See where the airport is? THe shortest arm points to the intersection of Calabasas Road and Buena Vista Road. Buena Vista Road is the one that curves mostly in a southwest-northeast direction, and Calabasas takes off from that in a mostly southeast-northwest direction. Dusty Trail is I think the tenth thing that comes off of Calabasas Road after you turn on to it from Buena Vista Road. It kind of doubles back and parallels the curves of Calabasas Road at that place. There's all that green splashy stuff, and the red letters "Laguna de las Calabasas" which indicates that there was a Spanish land grant there. And, I guess, a pond with pumpkins growing in it. Or something. Maybe a lake where somebody smashed a bunch of pumpkins.

So I guess that's what the area is called. Laguna de las Calabasas. Nobody would know what I was talking about. I'd have to say "the hills north of Calabasas School."

I'm surprised more features aren't named on that map.
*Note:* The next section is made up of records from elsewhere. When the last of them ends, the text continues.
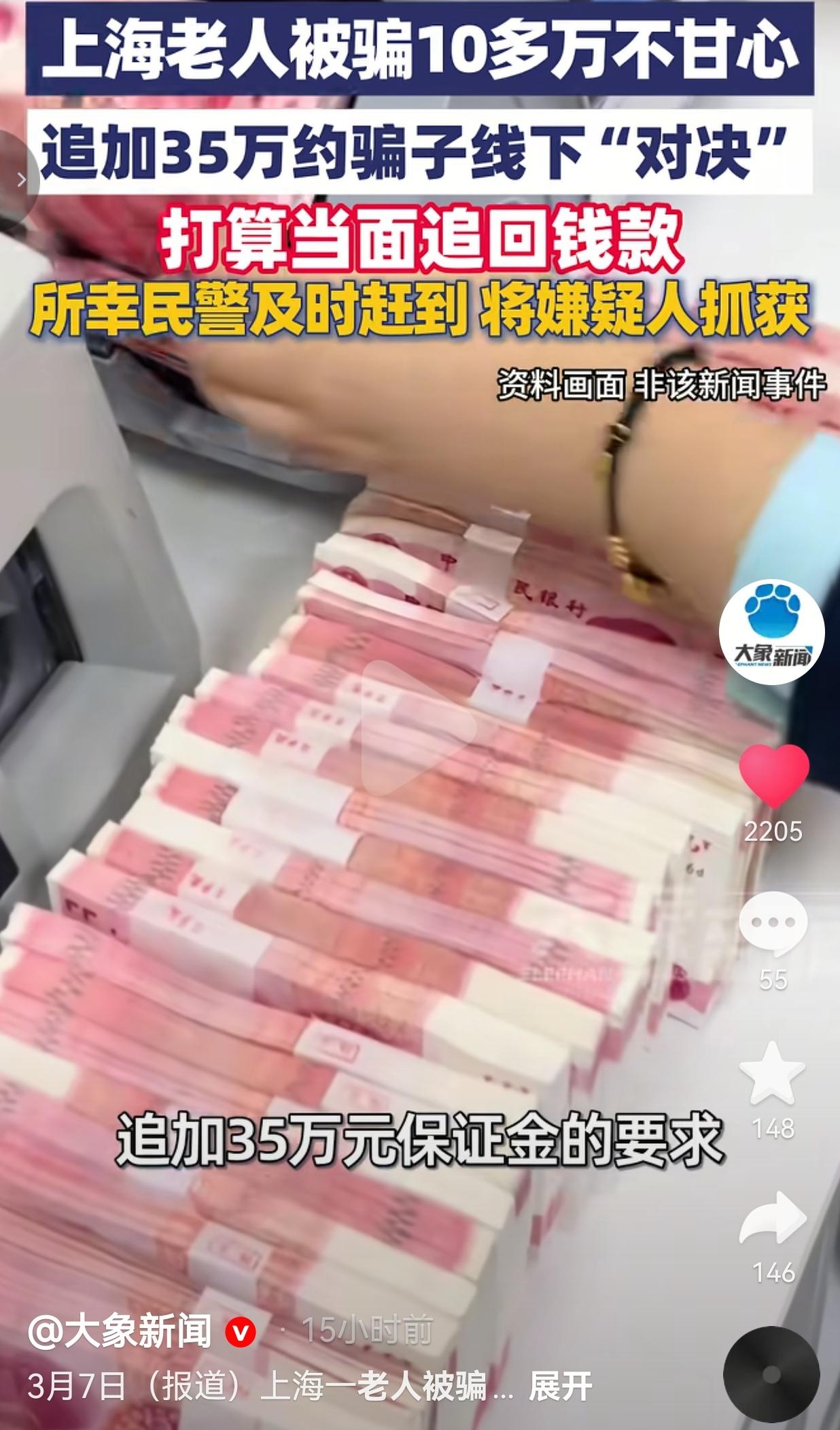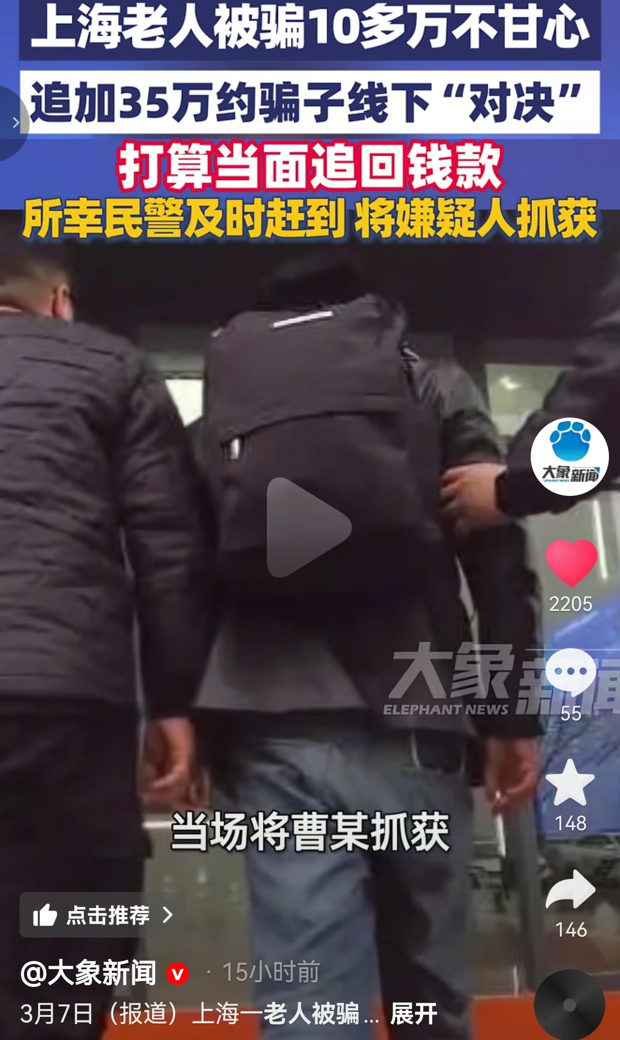 上海阿姨被骗10多万,竟追加35万约骗子线下对决! 上海的瞿阿姨,因为下载非法理财软件被骗了10多万,换做是谁,这养老钱、血汗钱被骗子骗走,心里都得堵得慌。 但瞿阿姨的操作,真的让我又佩服又后怕——她居然没有选择报警,而是琢磨着“将计就计”,假意答应骗子追加35万保证金的要求,主动约对方线下见面,打算当面把被骗的钱要回来! 这波“线下对决”的勇气,说实话,我一开始还觉得阿姨脑子转得快,是个硬茬,可了解完后续,才惊出一身冷汗。 2月13号那天,浦东警方接到反诈预警,说瞿阿姨疑似遭遇诈骗,正准备去赴约。 民警赶紧往她店里赶,结果人已经走了,电话也打不通,联系家属才知道,阿姨带着老伴,正往沪南公路靖海路口赶,满心想着要跟骗子“掰扯掰扯”,把钱要回来。 民警火急火燎赶去约定地点埋伏,等瞿阿姨夫妇到了,来接头的根本不是什么幕后骗子,只是个负责转移涉诈资金的“车手”曹某。 曹某发现阿姨没带35万现金,立马叫车想跑,还好民警及时出现,当场把他抓获。 事后民警跟阿姨科普,诈骗团伙分工精得很,幕后主谋大多躲在境外,根本不会露面,瞿阿姨见的只是最外围的“小喽啰”,别说要钱,就算把这“车手”扣下,也根本碰不到真正骗钱的人,反而自己老两口的人身安全,随时可能出危险。 网友看到后评论说:“阿姨这股子倔劲儿我服!但真替她捏把汗,咱们老年人哪懂骗子的套路啊,还好警察来得及时,不然真要吃大亏!” 也有的网友说:“换我我也急!那可是养老钱啊!不过阿姨这招“引蛇出洞”太险了,还是得听警察的,咱们普通人哪是骗子的对手啊。” 还有的网友说:“我觉得阿姨不是傻,是不甘心!被骗了谁能甘心啊,但硬刚真的不可取,警察叔叔才是咱们的靠山,千万别学阿姨冒险,直接报警最靠谱!” 我看完真的五味杂陈。先说说阿姨的心情,我太能理解了——10多万,对咱们普通人来说,是攒了多少年的辛苦钱?是养老看病的底气,是给儿孙准备的应急钱。 被骗之后那种不甘心、不服气,恨不得立马找骗子算账的念头,换谁都有。这不是傻,是咱们老百姓对自己血汗钱的执念,是不想吃这个亏的倔劲儿。 但冷静下来想,阿姨这步险棋,真的太危险了。咱们想想,骗子是什么人?是专门钻空子、玩套路的职业团伙,他们手里可能有同伙,可能藏着家伙,咱们普通人一对一去见面,哪怕是两个人,面对一群别有用心的人,根本没有还手之力。 万一曹某不是一个人来,万一发现阿姨没带钱恼羞成怒,万一发生冲突,老两口的安全谁来保障?到时候钱没要回来,再把自己搭进去,那才是真的得不偿失。 而且还有个点,很多人被骗后都有顾虑——觉得被骗是丢人的事,不想报警,不想让家人知道,不想让别人知道自己看走眼了。 瞿阿姨也是,她宁愿自己冒险去追钱,也没第一时间找警方求助。可咱们要知道,警察才是最专业的,他们有技术、有手段,能快速冻结账户、追踪资金链,比咱们单打独斗靠谱一万倍。 现在的养老诈骗,真的防不胜防。骗子会打着“高回报理财”的幌子,先让你赚点小钱试水,等你放下警惕,就一步步让你投大钱。会抓住老人想多攒点养老钱的心理,画“稳赚不赔”的大饼。甚至会用“黄昏恋”“认干亲”的套路,先给你点温暖,再骗光你的积蓄。 就像这次的非法理财软件,看似正规,其实后台全是假数据,等你想提现,就各种理由卡着你,直到把你榨干。 我特别想跟家里的长辈说一句:遇到诈骗,千万别抱有侥幸心理,更别自己硬刚。被骗了第一时间报警,保存好聊天记录、转账凭证,这才是最安全、最有效的办法。 咱们的钱是血汗攒的,咱们的命是自己的,别让骗子的阴谋,既骗了钱,又伤了咱们的安全。 对此,你怎么看?欢迎大家评论区讨论留言。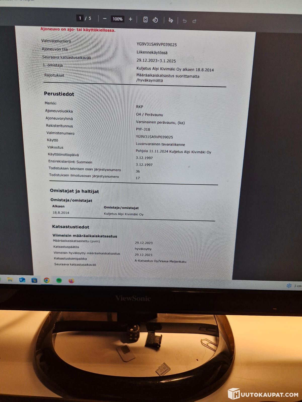 Kuljetus Alpi Kivimäki Oy lists, Huutokaupat.com sells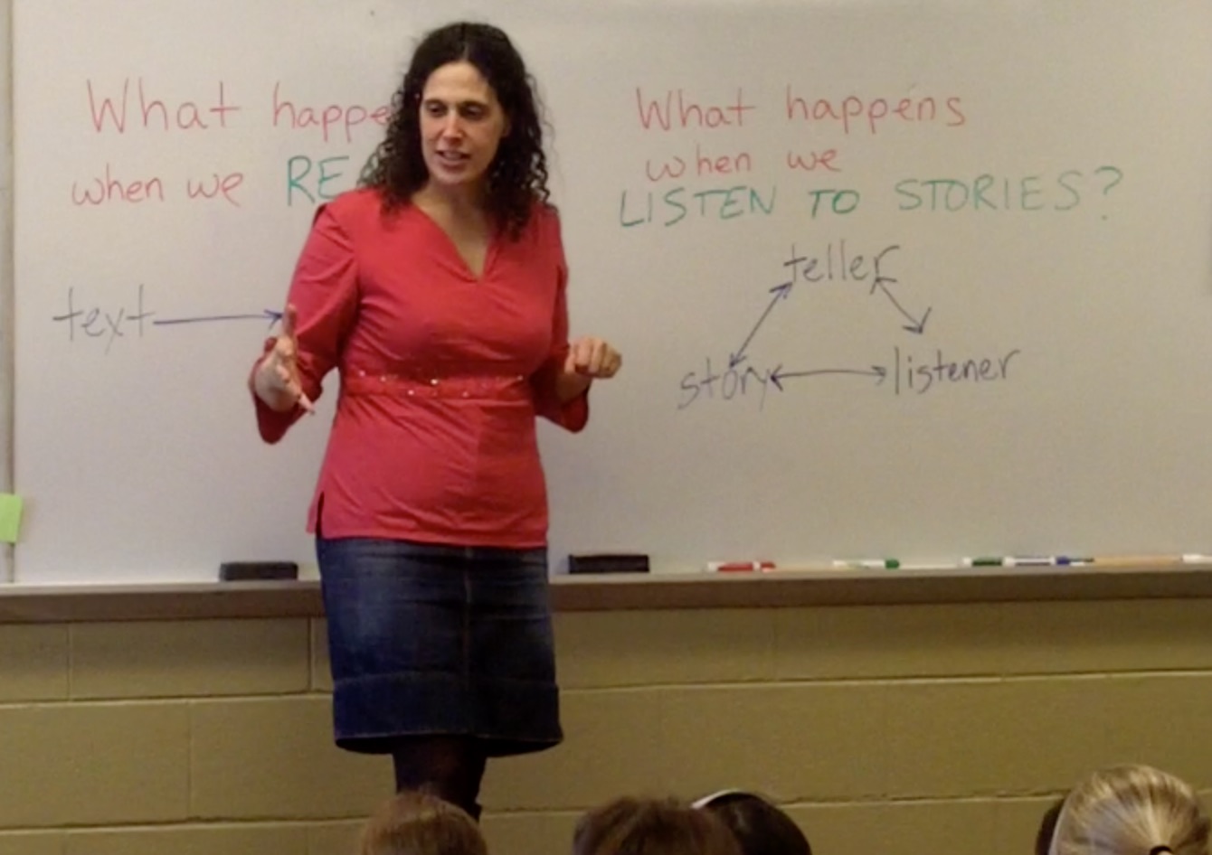 I made this recording when I was working with a group of kids, teaching them how to be storytellers. Some of you with eagle eyes might also catch the “story triangle” of teller-story-listener on the board behind me. Hey…if an idea works, roll with it.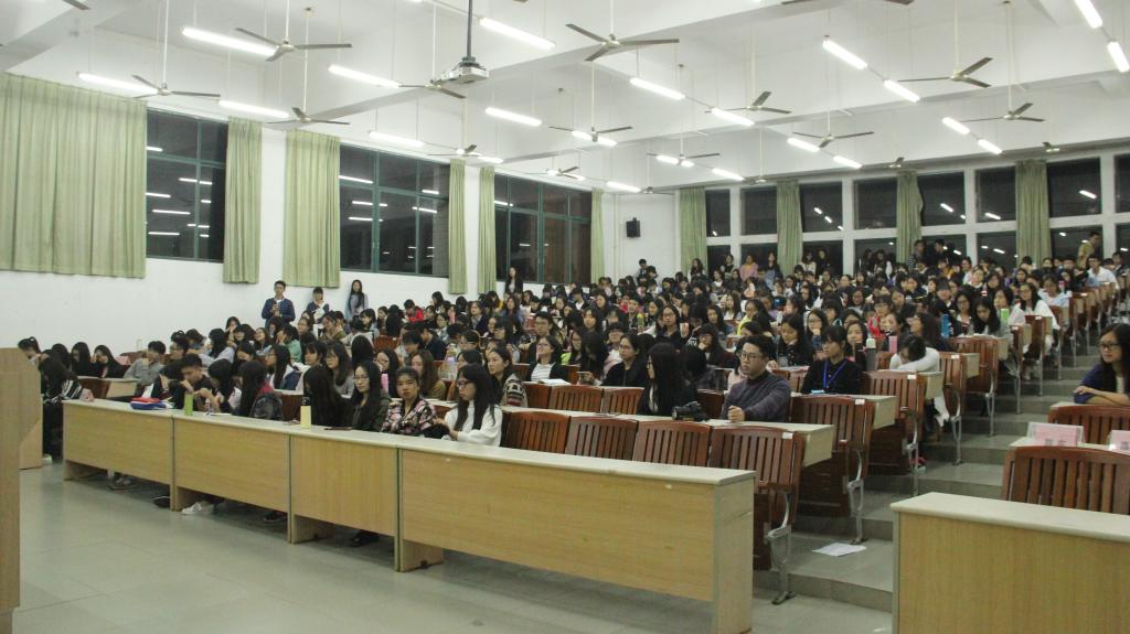 本次讲座的主题为“勿忘初心,方得始终”,其主讲人是曾获得“英语新闻点评大赛三等奖”、连续两年的“校优秀生二等奖”、“2016年校优秀生一等奖”及“2016年的国家奖学金”来自13级本英语1班游翠婷师姐。本次讲座吸引了不少同学前来听讲,现场气氛热烈。

Monday, September 12th, 2005 03:42 pm (UTC)
So I guess that's what the area is called. Laguna de las Calabasas. Nobody would know what I was talking about. I'd have to say "the hills north of Calabasas School."

I'm surprised more features aren't named on that map.

These maps are based on information provided to the USGS crew that compiled them. I would suggest checking with some folks at your county historical society, if you have one; and perhaps with the folks at the county assessor's office, or whatever entity it is that tracks land ownership, etc.

I'd be tempted to suggest that they might have been called the Calabasas Hills or some such; or that specific region might never have been named as such.